Skillpulse: Your AI Skills Are Flying Blind Without Telemetry
A PostToolUse hook that logs every skill activation to local JSONL. No existing tool tracks whether the model actually follows a skill's instructions.
You install 16 skills. You see them fire. But here’s the question nobody asks: did the model actually follow them?
I reviewed every telemetry tool in the Claude Code ecosystem — built-in OTel, claude_telemetry, claude-code-otel, even the skills.sh platform metrics. None of them track skill adherence. They tell you a skill was loaded, but not whether the model executed its instructions.
So I built skillpulse.
The gap
Claude Code’s built-in OpenTelemetry (via CLAUDE_CODE_ENABLE_TELEMETRY=1) captures general metrics: session duration, tokens, cost, tool calls. With OTEL_LOG_TOOL_DETAILS=1, it even records skill_name in tool result events. But that’s a load signal, not a follow signal.
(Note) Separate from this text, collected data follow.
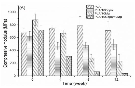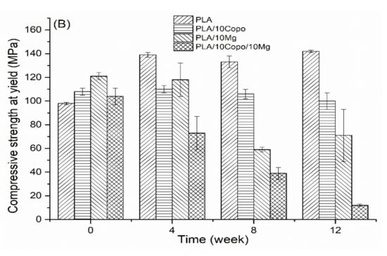Compression test was performed every 4 weeks on PLA, PLA/10 Copo, PLA/10 Mg and PLA/10 Copo/10 Mg during the degradation process. The compressive moduli (Figure 11A) and strength at yield (Figure 11B) were calculated from the stress–strain curves. After one month of degradation, all the mechanical performances were decreased. Thereafter, the loss became grater, except the pure PLA which maintained its mechanical properties during the whole test. This behaviour could be explained by the increase of the crystallinity over time especially with the slight decrease in the molecular weight and the mass variation compared with the other samples (Figure S1A–C). Regarding the PLA/10 Mg, this implant meets the compressive strength of natural cortical bone during the first 4 weeks. According to the literature, this value is between 100 and 230 MPa [53,54,55]. On the other hand, the compressive Moduli of all the materials until the 8th week are within the range of cancellous bone (50–800 MPa) [56]. This behaviour has already been highlighted in the literature by Ali et al. [20]. Mg content of 10 wt.% improves the initial mechanical properties of PLA which was proved by Cifuentes work [25]. However, it impairs both compressive modulus and strength at yield during the degradation process, which is further accelerated with the presence of the amphiphilic PEO-b-PLLA copolymer. Indeed, the decrease in the mechanical performances with the in vitro degradation time can be explained by the hydrolysis of PLA and also the corrosion of Mg filler which forms a Mg(OH)2 layer, which leads to a rise of hydrolysis at PLA/Mg interface. Therefore, there is a deterioration of the adhesion between the matrix and the filler. The copolymer enhances this behaviour as it facilitates the diffusion of water in the composites over time.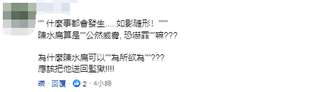 也有网友说,“陈水扁算是‘公然威胁,恐吓罪’吗?为什么陈水扁可以‘为所欲为’?应该把他送回监狱!” ↓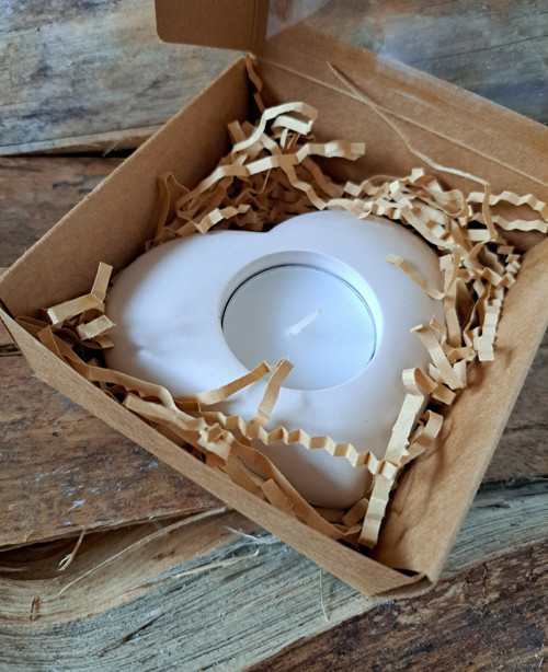 Materiál vytváří pevné a hladké odlitky s krásnou přírodní bílou barvou, která působí elegantně a nadčasově. Svícen se hodí jako jemný doplněk do interiéru – na stůl, parapet, poličku nebo jako součást sváteční výzdoby.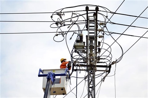 | Un ouvrier du groupe Électricité du Vietnam vérifie une installation éléctrique dans la province de Quang Ngai (Centre). |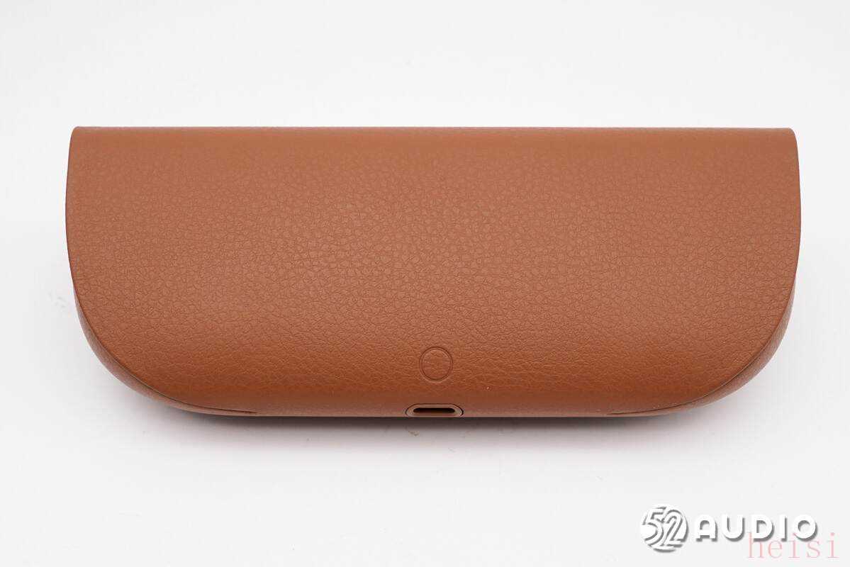眼镜盒正面外观一览,采用了耐磨耐划的皮革材质,外观时尚精致。盒盖采用了磁吸固定,卡扣上同时设计有环形指示灯,用于反馈充电状态。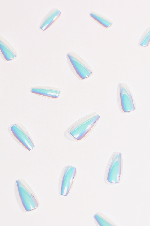 Immerse yourself in the effervescence of Soda Pop press-on nails, shimmering with a chrome finish that boasts a refreshing translucence. This design embodies the lively spirit of a carbonated delight, capturing the bubbly essence of your favorite fizzy treat in a manicure.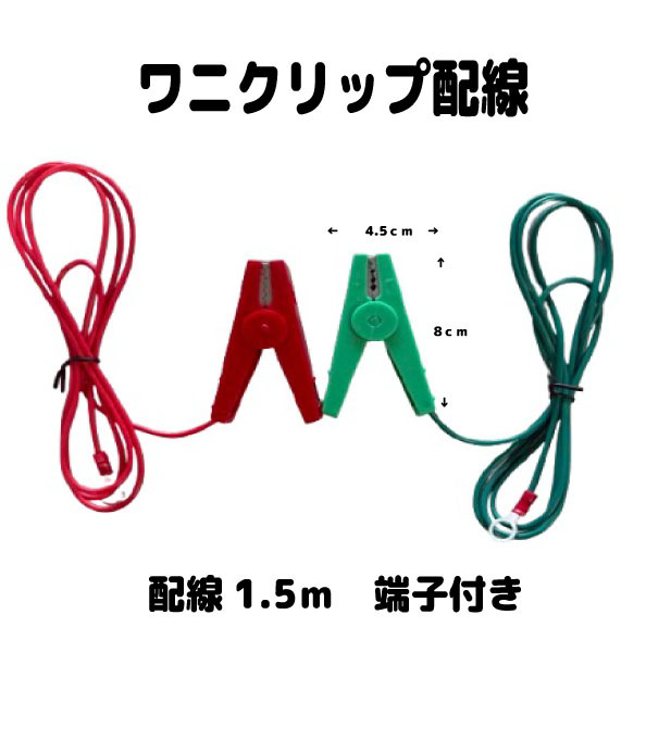 - 大型ワニクリップ配線 2個セット 配線1.5m 端子付き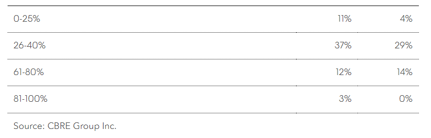 Σχεδόν τα 2/3 των μεγαλύτερων εταιρειών -εκείνες με 5.000 εργαζόμενους ή περισσότερους- έχουν ποσοστά χρήσης άνω του 40% στην Ευρώπη, σύμφωνα με την έρευνα. Πριν από την πανδημία, τα γραφεία παγκοσμίως κατέγραφαν μέσο όρο προσέλευσης 65%, σύμφωνα με τα στοιχεία της CBRE.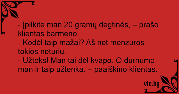 - Įpilkite man 20 gramų degtinės, – prašo klientas barmeno.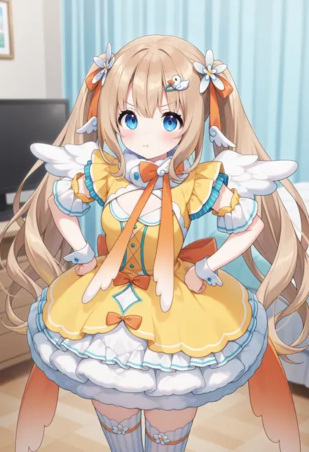 outfit1aaahiru, long hair, light brown hair, twintails, hair ribbon, hair flower, wing hair ornament, duck hair ornament, blue eyes, wings, small breasts, orange bowtie, yellow dress, short sleeves, detached sleeves, wrist cuffs, striped thighhighs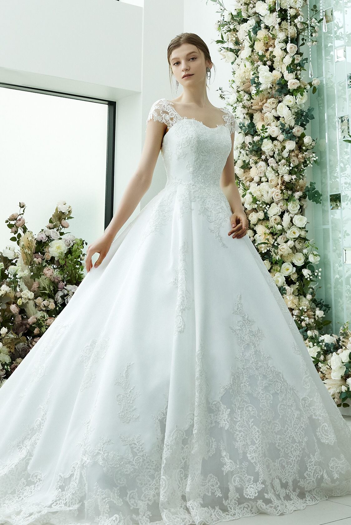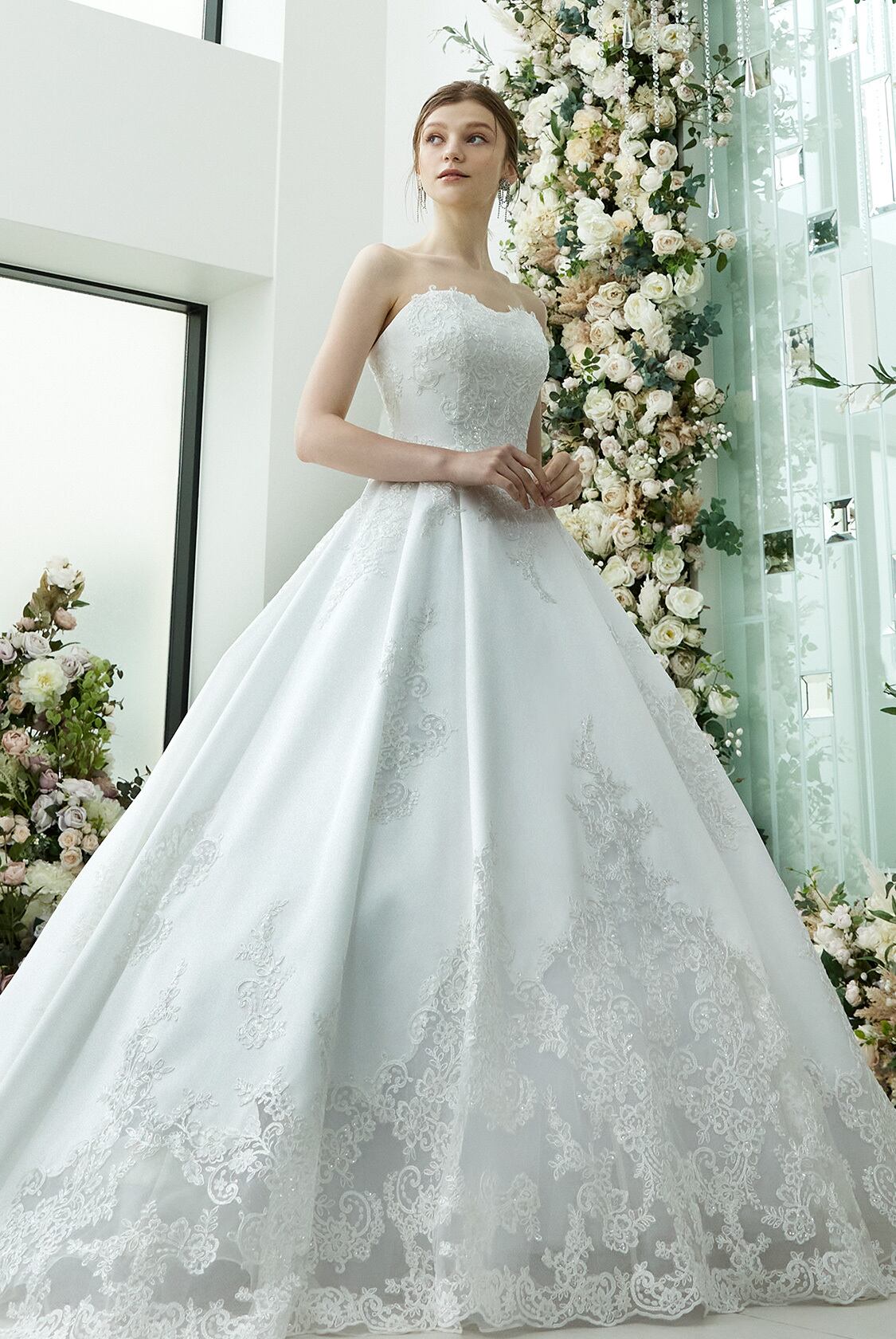 高品質!送料無料!ウエディングドレス ベアトップ キャミソール かわいい 上品レース エレガント ハンドメイド プリンセスライン 抜群のおしゃれ見え 贅沢なレーストレーン 華やかなトレーン オーダードレス オーダーメイド 花柄のモチーフ刺繍が美しく 花嫁 豪華 結婚式/前撮り | David1021k Dress(ダヴィドレス)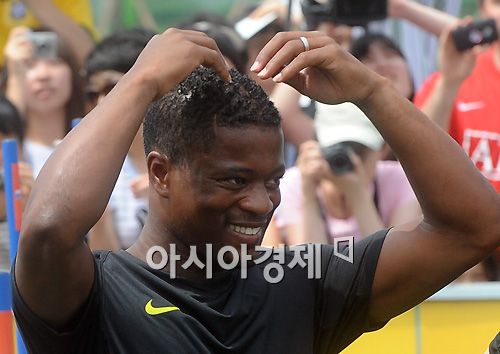 [수원(경기)=아시아경제 이종길 기자]프랑스 파트리스 에브라(맨체스터 유나이티드)가 또렷한 한국말로 팀 동료 박지성을 축하했다.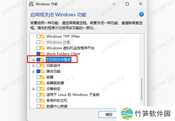 在“控制面板”>“程序”>“程序和功能”>“启用或关闭Windows功能”中,勾选“打印和文档服务”。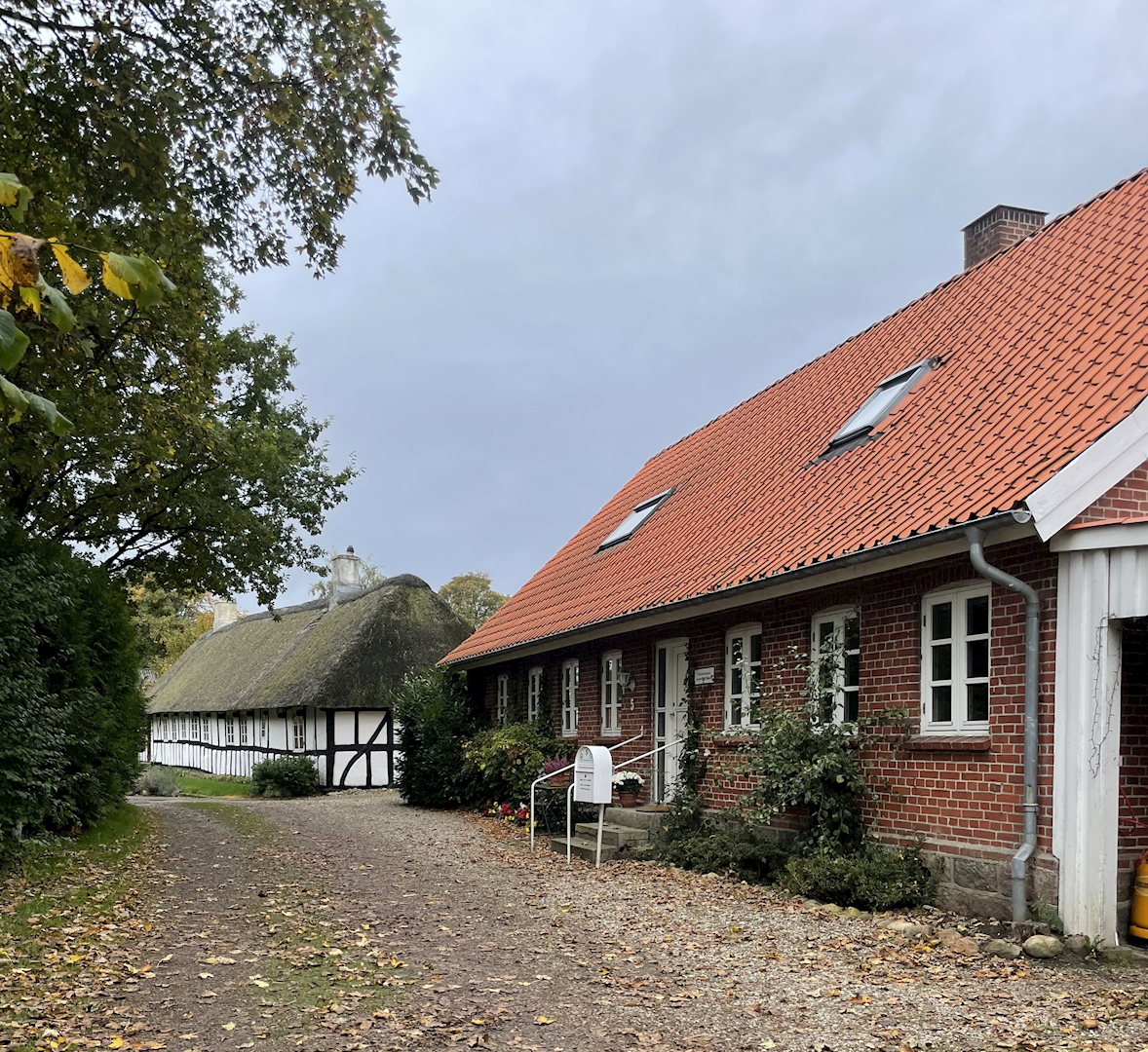 Billede af moderne landsbybyggeri, som i skala og udformning trækker paralleller til klassisk landsbybyggeskik.

The difference matters. A skill can load successfully and be completely ignored by the model. Without tracking adherence, you’re optimizing in the dark.
| Tool | Tracks loading | Tracks following |
|---|---|---|
| Built-in OTel | Yes | No |
| claude_telemetry | No | No |
| claude-code-otel | No | No |
| skills.sh | Install count only | No |
| skillpulse | Yes | Yes (planned) |
How it works
Skillpulse is a PostToolUse hook that fires on every Skill tool call. It writes one JSONL line per activation:
{
"skill_id": "signum:signum",
"timestamp": "2026-03-11T08:48:18Z",
"session_id": "20260311_114818_93074",
"loaded": true,
"followed": null,
"plugin_name": "skillpulse"
}
The implementation is 60 lines of bash. Some design choices:
2-second watchdog. PostToolUse hooks run synchronously — a hung hook blocks the entire session. Skillpulse spawns a self-kill watchdog that sends SIGKILL after 2 seconds. In practice, the hook finishes in <50ms.
Skill-only filter. PostToolUse fires for every tool call — Read, Write, Bash, everything. Skillpulse checks tool_name == "Skill" and exits immediately for anything else. Zero overhead on non-skill calls.
Append-only JSONL. No database, no rotation, no config. One file at ~/.local/share/emporium/activation.jsonl. Survives crashes, easy to inspect, trivial to back up.
What I learned from 4 entries
Yes, four. Skillpulse was created on March 4th and then… not installed. Classic. I fixed that today.
But even 4 entries told me something useful:
Skill Acts Sess Load% Age
-----------------------------------------------------
herald:news-digest 2 2 100% 7d
arbiter 1 1 100% 7d
signum:signum 1 1 100% 7d
Three skills account for all activations. I have 16 installed. That’s an 81% dormancy rate. Most of my skills are dead weight consuming context tokens.
The aggregator
A 90-line Python script reads the JSONL and produces per-skill stats:
python3 scripts/aggregate.py # table output
python3 scripts/aggregate.py --json # for pipelines
No dependencies. Reads timestamps, groups by skill_id, computes frequency, unique sessions, loaded rate, and days since last activation.
Where this is going
Skillpulse is Phase 1 of a larger pipeline I’m calling EvoSkill — skills that improve themselves based on usage data.
The pipeline:
skillpulse (log)
|
aggregator (stats)
|
bench (test against tasks)
|
evolver (propose improvements)
The followed field is currently null — it needs tool-pattern fingerprinting to determine if the model executed a skill’s expected behavior. That’s the hard part, and I’m deliberately deferring it until I have enough activation data to validate the approach.
Some things I’m explicitly skipping at my current scale (<20 sessions/week, 16 skills):
- Hotelling T-squared drift detection — need 50+ trajectories per skill
- Bayesian calibration — need labeled outcome data
- Hierarchical routing — relevant at 50+ skills
- Automated gates — human review is my gate for now
The research backing this is in EvoSkill, AutoSkill, and the ASI drift framework.
Try it
claude mcp add-json skillpulse '{"source": {"source": "url", "url": "https://github.com/heurema/skillpulse.git"}}'
Source: github.com/heurema/skillpulse
All data stays local. MIT licensed. Zero dependencies beyond bash and jq.